Отрицанием, уничтожением Духа они шли дорогой просветления.
Уничтожить Дух, чтобы тот возродился вновь. И я уничтожу! Себя!
Особенно сильной моя вера становилась, когда я лежал в емкости с тягучей глиной, которая заменяла тибетцам гипсовые повязки и за лье отдавала испражнениями. Благо переломы быстро срастались. То ли воздух особенный, то ли святость места влияла на столь скорую регенерацию, то ли врачевать монахи умели и взаправду мастерски. И уж столько шишек набил себе, что дошло дело до кошмарных галлюцинаций.
Лежу себе в квадратной плоскокровной зале, все тело до подбородка запечатано в лечебной вязкой жиже, а перед взором вдруг восстает сама Тара в образе Элен Бюлов. Да не простая. А отчего-то черная лицом и злобно хохочущая. Я не заметил, как, лежа, рассматривал фрески. Среди Синих, Зеленых, Красных богов, с которыми я уже успел свести тесное знакомство по текстам и изображениям-танкам, я увидел вдруг Черную Богиню. Она столь прочно врезалась в мое сознание, что стала оживать, смешалась с моим собственным воображением и породила чудище.
По уставу доб-добам не было положено являться на уроки священных писаний. Но для меня Ринпоче сделал исключение. Возможно, моя убежденность, что я встречался с самой богиней Солнца, повлияла на его решение, но спустя какое-то время я вошел в класс книжников – так называли тех монахов, которые постигали академические науки.
Так в свободное от караула время я стал учить тибетский язык, называемый пхёкэ – что-то между китайским путунхуа и хинди, звучавший как напевное бормотание, и пали – единственный язык, у которого такое разнообразие разных алфавитов, что освоить все нельзя без риска заработать мозговую горячку.
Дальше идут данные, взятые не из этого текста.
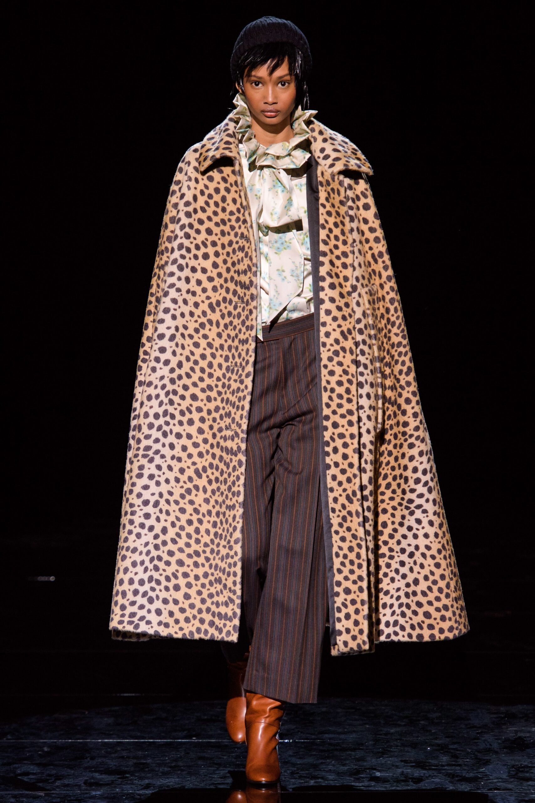 Sarah Staudinger’s fall runway show was all about women living their best lives. The presentation proved to be an exuberant, if not festive event that celebrated fashion, accessories and everything pretty. For their Fall RTW 2019 collection the namesake label appeared on the runway as a montage of prints – stripes, plaids, floral, animal, and not to mention two pieces with printed mushrooms. The models danced carelessly, joyfully down the runway, some in pairs and others solo, just loving life and fashion altogether. These playful, yet highly exquisite clothes were signature of the designer’s aesthetic pushing for diversity while pulling from convention. The inventive looks were reminiscent of seventies, eighties and nineties styles with a touch of retro disco, opposing more chic pear trimmed dresses, and set against matching sets, and fringe ensembles. It was all so beautiful, so glamorous, yet can still be considered casual – perfect for our everyday princesses masquerading as a fallen angel.

Но я заучивал целые тексты наизусть. И это были минуты несказанного облегчения; как мог, я продлевал их. Мое прилежание полностью зависело от стремления сократить часы пребывания в зале для боевых упражнений. Пхёке был хоть и труден, особенно его письменность, но для адвоката, обладающего натренированной памятью, уж попроще, чем ратное дело.
Запоминал я хорошо, понимал плохо. И чем больше мучил пхёкэ и пали, тем больше меня мучали видения – перекошенное гримасой ярости черное лицо. Даже звон в ушах появился, который вскоре превратился в смех. Порой мне казалось, что я слышу его, даже когда вслух произношу какие-либо слова, смех звучал вместо произносимых мною колких согласных и гласных, как-то очень тесно вплетаясь в окружающие звуки.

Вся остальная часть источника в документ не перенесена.